Croatian physician and politician

Milan Kujundžić (/hr/; born 27 April 1957) is a Croatian physician and politician who held the position of Minister of Health in the Cabinet of Andrej Plenković between 2016 and 2020.

== Career ==
Kujundžić was born in the village of Ivanbegovina near Imotski, Croatia. He graduated from the University of Zagreb School of Medicine in 1982 and obtained his Ph.D. in medicine in 1992.

Since 2005, Kujundžić serves as a head-master of Clinical Hospital Dubrava.

== Political career ==
From 2004 to 2005, Kujundžić served as assistant of the Minister of Health and Social Welfare.

A longtime member of Croatian Democratic Union (HDZ), he resigned from the party following his defeat in party chairmanship election in May 2012, which was won by Tomislav Karamarko.
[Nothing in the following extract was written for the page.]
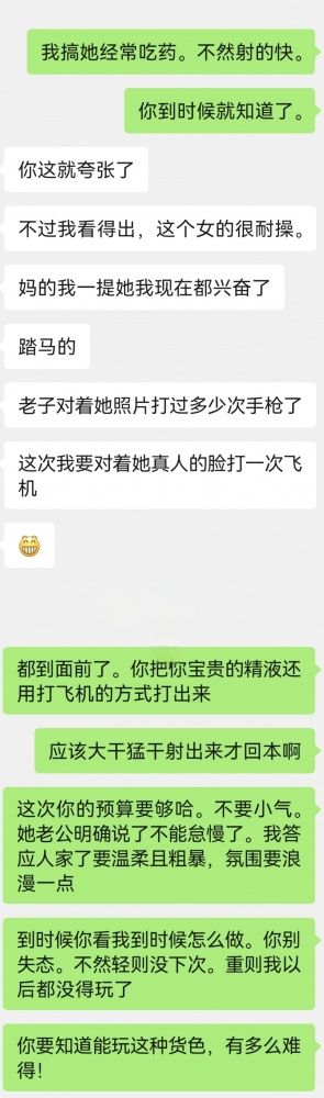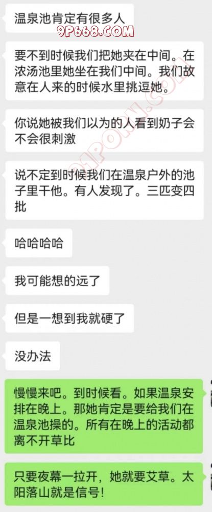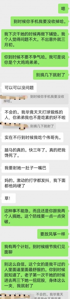 两大淫贼的谋划越来越具体,看的我是血脉膨胀~ 这种感觉又有点第一次老婆跟老崔偷情前老崔向我汇报情况的感觉了~
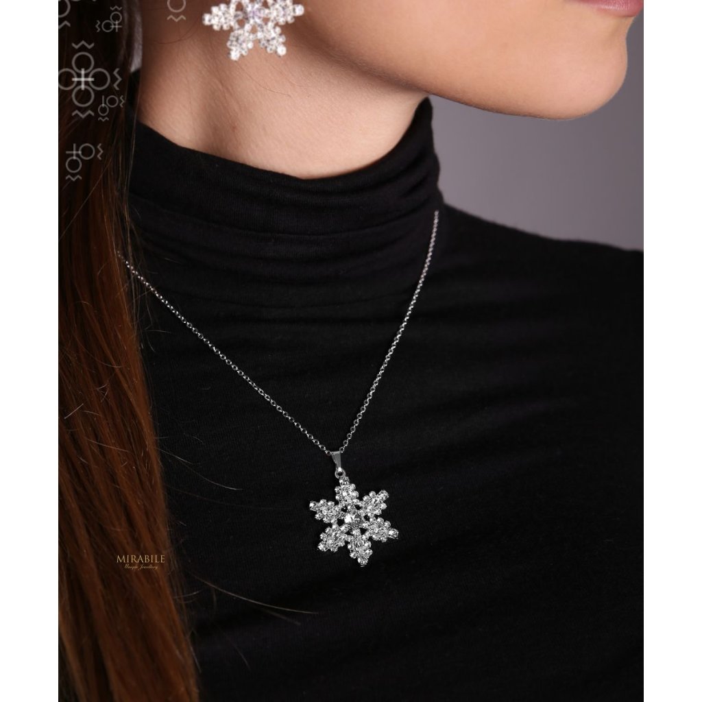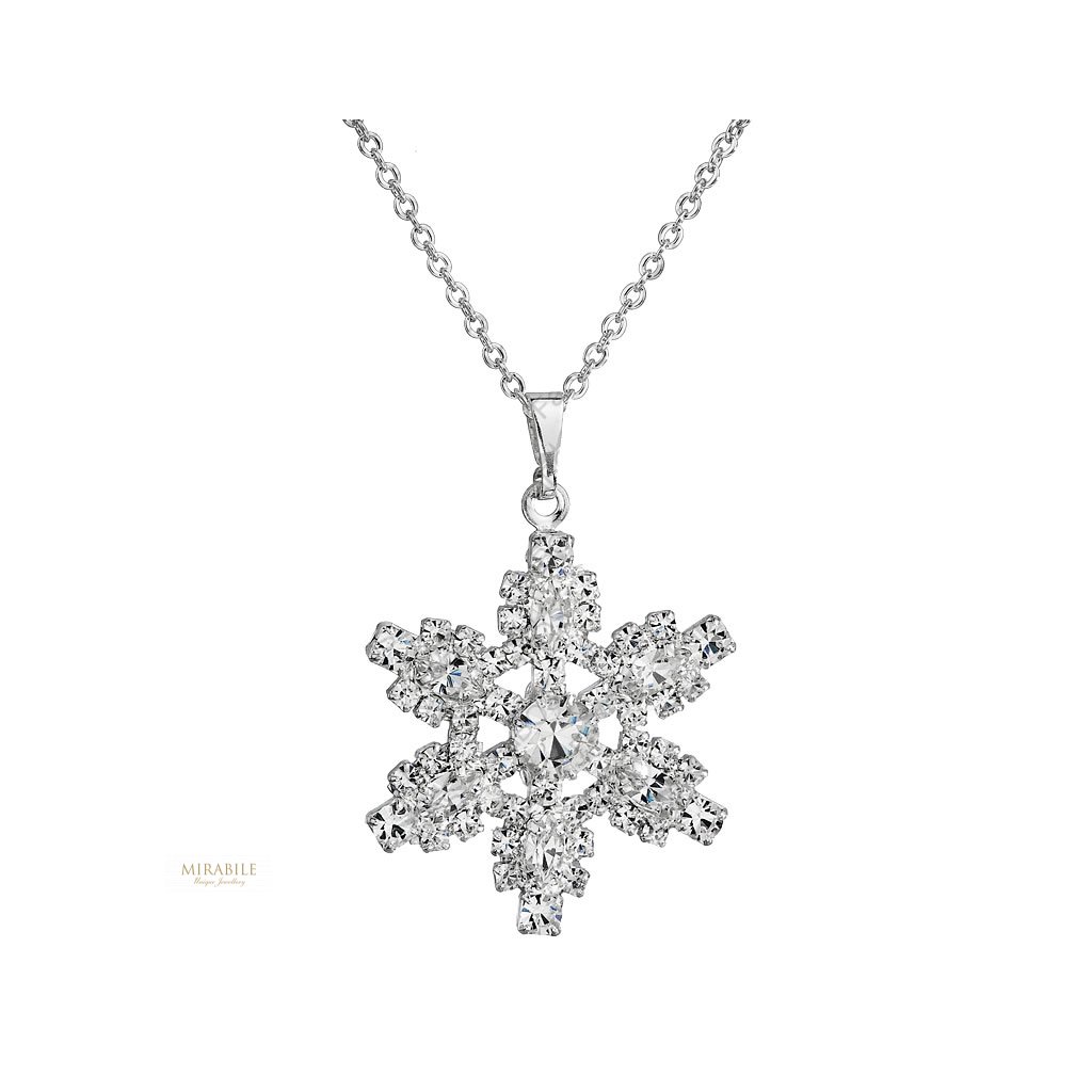 Trblietavý prívesok s motívom snehovej vločky. Veľkosť motívu je 4 x 3 cm. Dĺžka retiazky je 42 cm, ktorá má na konci predlžovaciu retiazku s dĺžkou 7cm. Náhrdelník si tak môžete nastaviť presne podľa vašich potrieb. Náhrdelník je v povrchovej úprave Rhodium, ktorá zvyšuje jeho životnosť a je antialergénna.

Kujundžić then founded a right-wing political party Croatian Dawn, established in July 2013 but returned to HDZ in 2016.

In 2012, Kujundžić was a candidate for the president of the Croatian Democratic Union, and in the 20 May 2012 election he came in second after Tomislav Karamarko. In the presidential election in 2014, he was a candidate for the president, but was defeated with conquered 6.3 percent of the vote.